*** Extracted entries ***
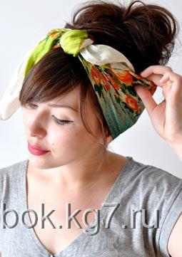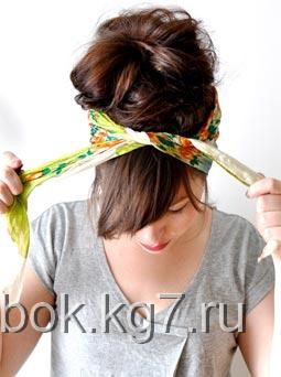 Обверните шарф вокруг головы концами вперед, убедившись, что сторона шарфа со складками окажется внутри. Под платок, завязанный таким образом, подойдет высокая прическа с хвостом пончиком.
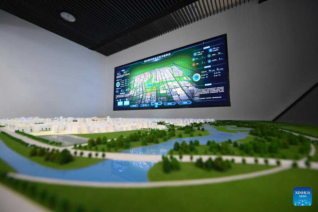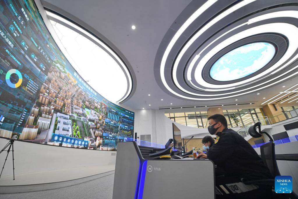 Photo taken on March 29, 2022 shows a view of the intelligent operations center in Rongdong District of Xiong'an New Area, north China's Hebei Province. Dubbed China's youngest city and a "city of the future," Xiong'an New Area marks its fifth anniversary on Friday. China announced plans to establish Xiong'an New Area on April 1, 2017, to relieve Beijing of functions non-essential to its role as the national capital and advance the coordinated development of the Beijing-Tianjin-Hebei region.By the end of 2021, construction has begun on 177 key projects in Xiong'an, with a total investment of 618.4 billion yuan (97.2 billion U.S. dollars). Sixty of them have been completed. So far, the major roads to the city, the main streets in the city, the Ecological Corridor, and the urban water system have taken shape.(Xinhua/Zhu Xudong)
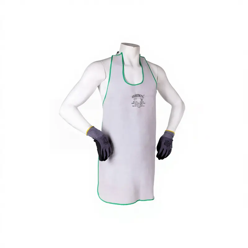 • Logo/Marking: The front of the apron shows manufacturer information — “ARMSTRONG” brand and safety certification markings.
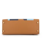 This Hermès Kelly Graphie 28 mixes Epsom, Clemence, and Chèvre leathers in bold multicolored panels. Permabrass hardware adds retro charm to its artsy design. The 28cm size fits laptops, journals, and creative tools. Durable materials resist daily wear. Style with solid colors to let the bag shine. Perfect for festivals or artistic events. Vibrant and unforgettable.
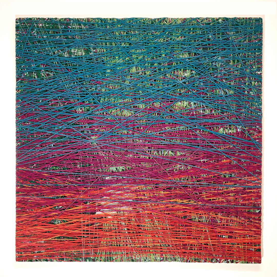 Ri_quadro rosso - 2023 - Tecnica mista ( lana sintetica, acrilico su legno )
*** End of Extracted entries ***
* What you will do *
Copy exactly, and only, the lines from the first entry through the line holding "Photo taken on", both ends included, leaving out every picture.

* Exercise solution *
 Обверните шарф вокруг головы концами вперед, убедившись, что сторона шарфа со складками окажется внутри. Под платок, завязанный таким образом, подойдет высокая прическа с хвостом пончиком.
 Photo taken on March 29, 2022 shows a view of the intelligent operations center in Rongdong District of Xiong'an New Area, north China's Hebei Province. Dubbed China's youngest city and a "city of the future," Xiong'an New Area marks its fifth anniversary on Friday. China announced plans to establish Xiong'an New Area on April 1, 2017, to relieve Beijing of functions non-essential to its role as the national capital and advance the coordinated development of the Beijing-Tianjin-Hebei region.By the end of 2021, construction has begun on 177 key projects in Xiong'an, with a total investment of 618.4 billion yuan (97.2 billion U.S. dollars). Sixty of them have been completed. So far, the major roads to the city, the main streets in the city, the Ecological Corridor, and the urban water system have taken shape.(Xinhua/Zhu Xudong)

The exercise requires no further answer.